# What to work on
From the material below, please set down exactly the lines starting with the one with "Case Histories ·" and going on through the one with "Романтичний букет у", without a single picture.
---------------
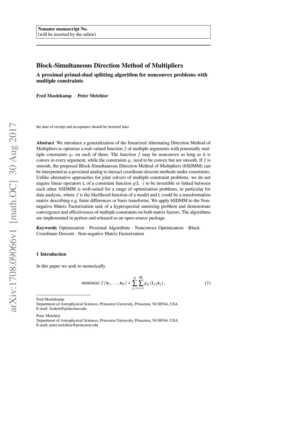 We introduce a generalization of the linearized Alternating Direction Method of Multipliers to optimize a real-valued function of multiple arguments with potentially multiple constraints on each of them. The function may be nonconvex as long as it is convex in every argument, while the constraints need to be convex but not smooth. If is smooth, the proposed Block-Simultaneous Direction Method of Multipliers (bSDMM) can be interpreted as a proximal analog to inexact coordinate descent methods under constraints. Unlike alternative approaches for joint solvers of multiple-constraint problems, we do not require linear operators of a constraint function to be invertible or linked between each other. bSDMM is well-suited for a range of optimization problems, in particular for data analysis, where is the likelihood function of a model and could be a transformation matrix describing e.g. finite differences or basis transforms. We apply bSDMM to the Non-negative Matrix Factorization task of a hyperspectral unmixing problem and demonstrate convergence and effectiveness of multiple constraints on both matrix factors. The algorithms are implemented in python and released as an open-source package.
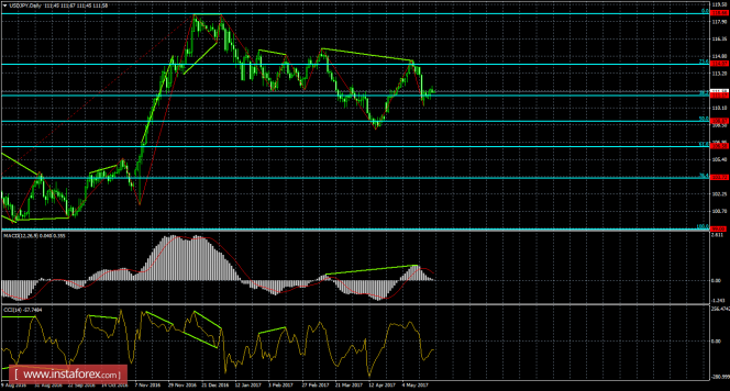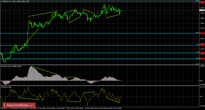 Медвежья дивергенция позволила в итоге выполнить паре небольшое падение, но сейчас образовалась новая бычья дивергенция, которая позволила выполнить разворот в пользу английского фунта и возобновить процесс роста в направлении уровня коррекции 161,8% - 1,3076. Бычья дивергенция у индикатора CCI: последний лоу котировок получился выше предыдущего, а аналогичный лоу индикатора - ниже предыдущего. Отбой курса пары 25 мая от уровня Фибо 161,8% позволит рассчитывать на разворот в пользу американской валюты и некоторое падение в направлении коррекционного уровня 100,0% - 1,2705. Проход парой последнего лоу дивергенции аналогично сработает в пользу начала падения.
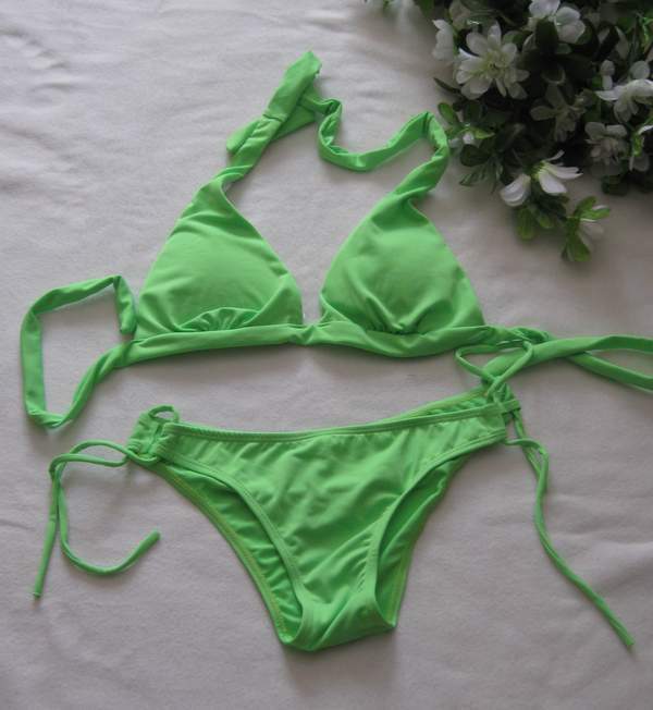 Раздельный купальник ярко-летнего салатового цвета придаст задора и игривости любой девушке. Лиф имеет поролоновые вставки, завязывается на шее и спине. Трусики-слипы завязываются имеют боковые завязки.
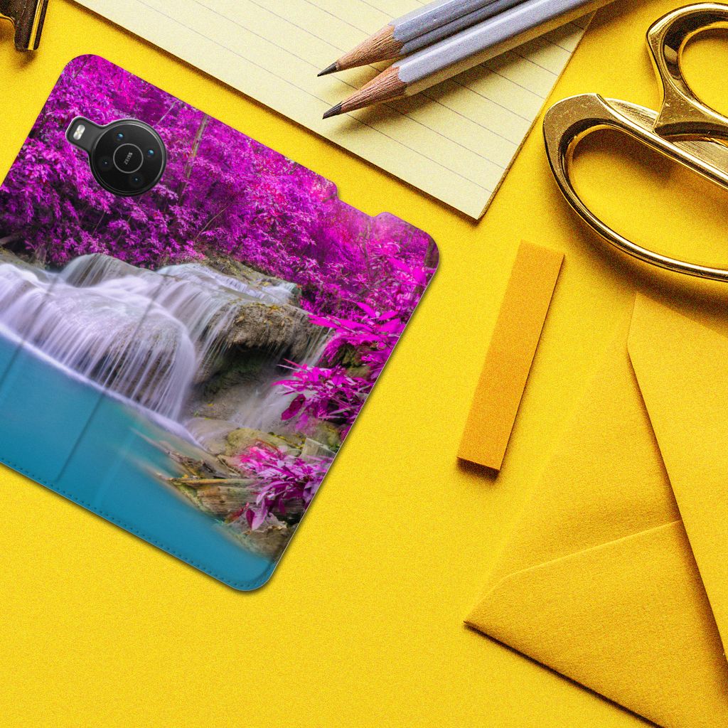 Van een waterval kun je een heel rustig gevoel krijgen, zeker als die op een Nokia X20 | X10 Book Cover staat dat jouw smartphone perfect beschermt tegen allerlei vormen van schade zoals krassen, barsten en scheuren. In de buurt van een waterval ben je tijdens warme zomerdagen niet alleen verzekerd van aangename verkoeling, het is ook een bijzonder rustgevende ervaring. Uit onderzoek blijkt zelfs dat watervallen een helend effect hebben op allerlei aandoeningen. Extra bijzonderheid aan de stand case vormen de paarse bossen op de achtergrond. Dit smartphonehoesje beschermt jouw telefoon aan alle zijden en beschikt over een opbergvakje voor pasjes en briefgeld. De case sluit perfect af dankzij de magneten van binnen. De houder aan de binnenzijde is van TPU. Alle zijden van het hoesje worden bedrukt. Een mooiere waterval met paarse achtergrond kom je op geen enkel ander hoesje tegen.
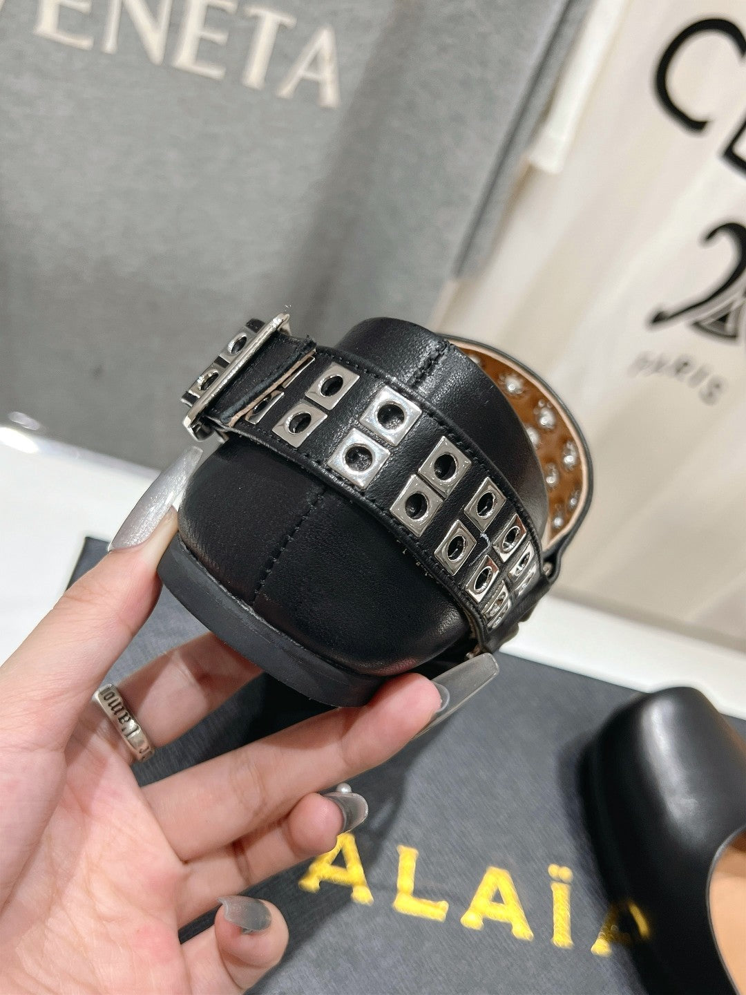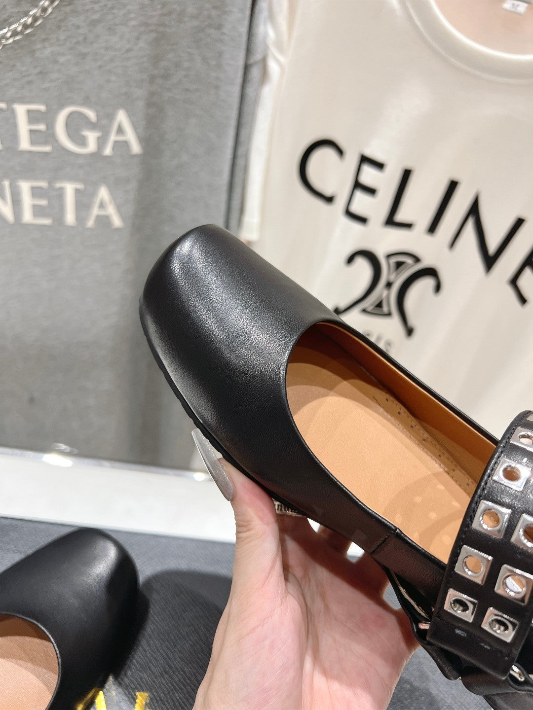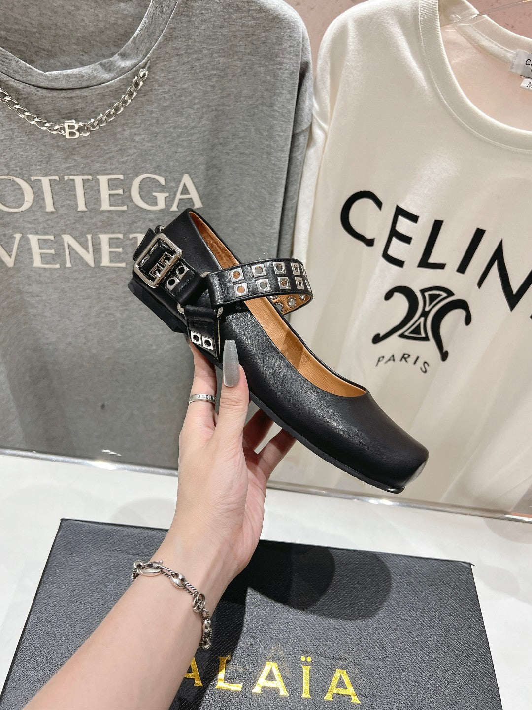 Alaila Biker Ballet Flats In Black Cowhide 911434
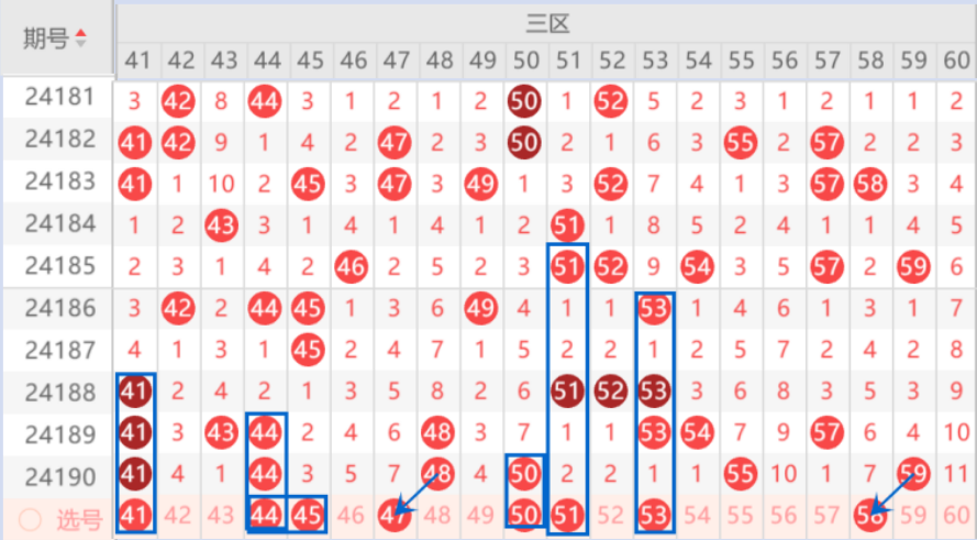 该区间上期的41 44号数字开出了重号,那么本期我们还是要注意有一个继续出重的情况。本期的45 46号数字我们注意一下出一个号码的情况,其重点的45号数字可以重点关注一下。本期的50号数字我们注意一下出重的情况,这里可以防守一下50 51号数字同出的情况。本期的51 52 53号数字出一个号码是没有问题的,都是属于对称号码,重点关注一下51 53号数字出一个号码的情况。上期开出了59号数字,那么本期的58号数字我们就要注意了,出号机会很大。
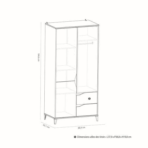Dječja i omladinska garderoba u skandinavskom stilu. Dimenzije: 88,9 × 50,1 × 184,6 cm.
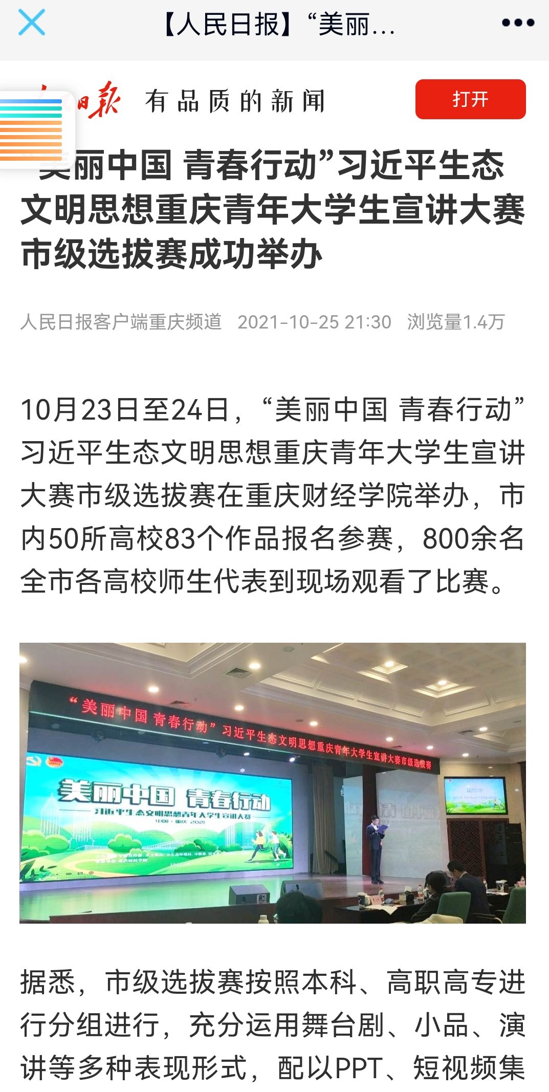 10月23日至24日,“美丽中国 青春行动”习近平生态文明思想重庆青年大学生宣讲大赛市级选拔赛在澳门新葡京博彩举办,市内50所高校83个作品报名参赛,800余名全市各高校师生代表到现场观看了比赛。
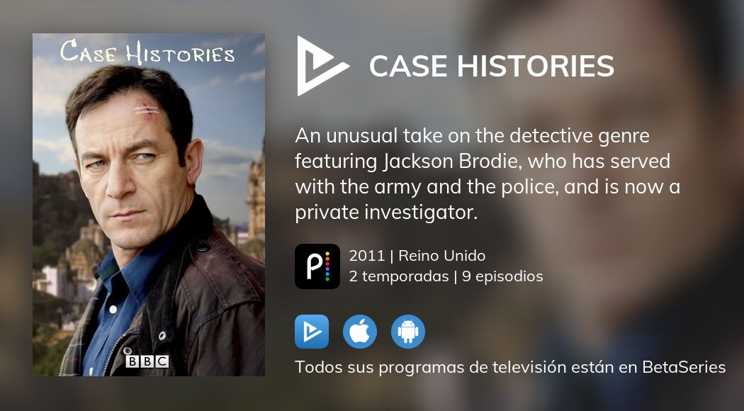 Case Histories · Serie im Stream online ansehen, alle Anbieter und News Case Histories Streaming watch case histories season 1. watch case histories season 2. Jackson brodie (jason isaacs), the tough private investigator, is compelled to bring peace. Former soldier and policeman jackson brodie becomes a private. jackson helps a teenage boy who has grown up in the shadow of his murdered mother to understand how she. case histories is a. Case Histories Streaming.
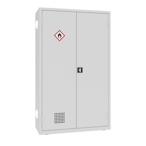 - Krídlové dvere majú vetracie otvory na cirkuláciu vzduchu a sú opatrené štítkom GHS-02 pre štandardnú identifikáciu chemického nebezpečenstva.
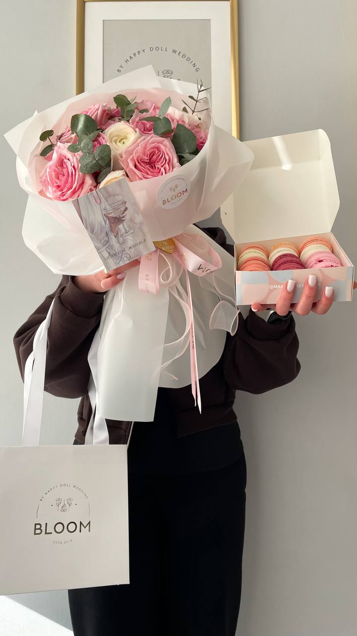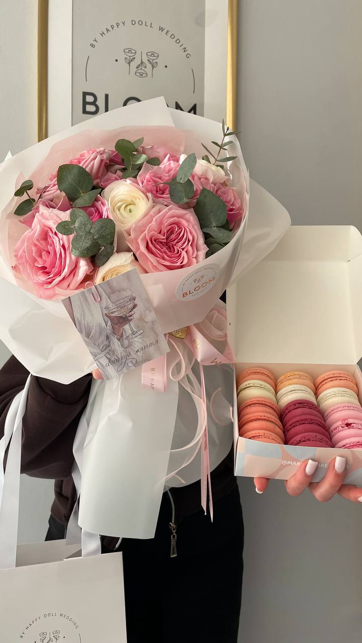 Романтичний букет у ніжних рожево-кремових відтінках, який виглядає так само привабливо, як і відчувається. Рожева троянда O’Hara створює головний акцент — глибокий, пудровий і дуже витончений, білий ранункулюс додає легкості та об’єму, а евкаліпт привносить свіжість і стильний завершений вигляд. Ця композиція ідеально поєднується з коробкою макаронів, створюючи подарунок, який говорить про турботу, ніжність і бажання порадувати по-особливому. Ідеально для романтичного жесту або приємного сюрпризу без приводу.
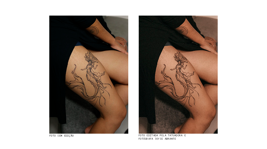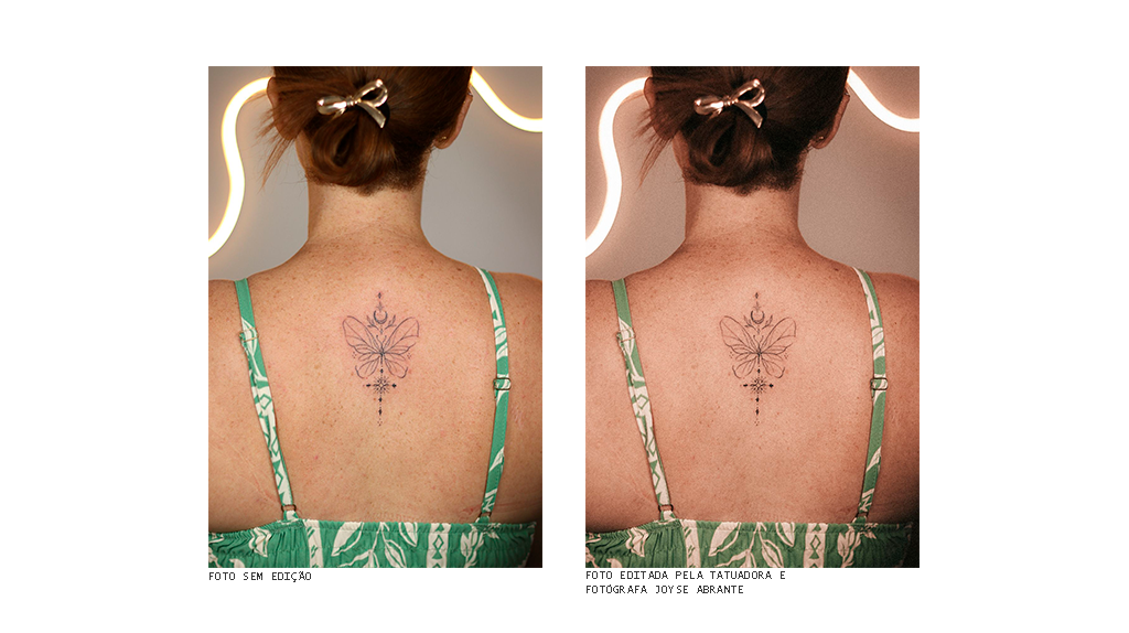 Joyse: Fotografo com luz neutra e faço balanço de branco manual. Na edição, comparo com a tatuagem real em tempo real pra não exagerar na saturação.
---------------
# Exercise solution
 Case Histories · Serie im Stream online ansehen, alle Anbieter und News Case Histories Streaming watch case histories season 1. watch case histories season 2. Jackson brodie (jason isaacs), the tough private investigator, is compelled to bring peace. Former soldier and policeman jackson brodie becomes a private. jackson helps a teenage boy who has grown up in the shadow of his murdered mother to understand how she. case histories is a. Case Histories Streaming.
 - Krídlové dvere majú vetracie otvory na cirkuláciu vzduchu a sú opatrené štítkom GHS-02 pre štandardnú identifikáciu chemického nebezpečenstva.
 Романтичний букет у ніжних рожево-кремових відтінках, який виглядає так само привабливо, як і відчувається. Рожева троянда O’Hara створює головний акцент — глибокий, пудровий і дуже витончений, білий ранункулюс додає легкості та об’єму, а евкаліпт привносить свіжість і стильний завершений вигляд. Ця композиція ідеально поєднується з коробкою макаронів, створюючи подарунок, який говорить про турботу, ніжність і бажання порадувати по-особливому. Ідеально для романтичного жесту або приємного сюрпризу без приводу.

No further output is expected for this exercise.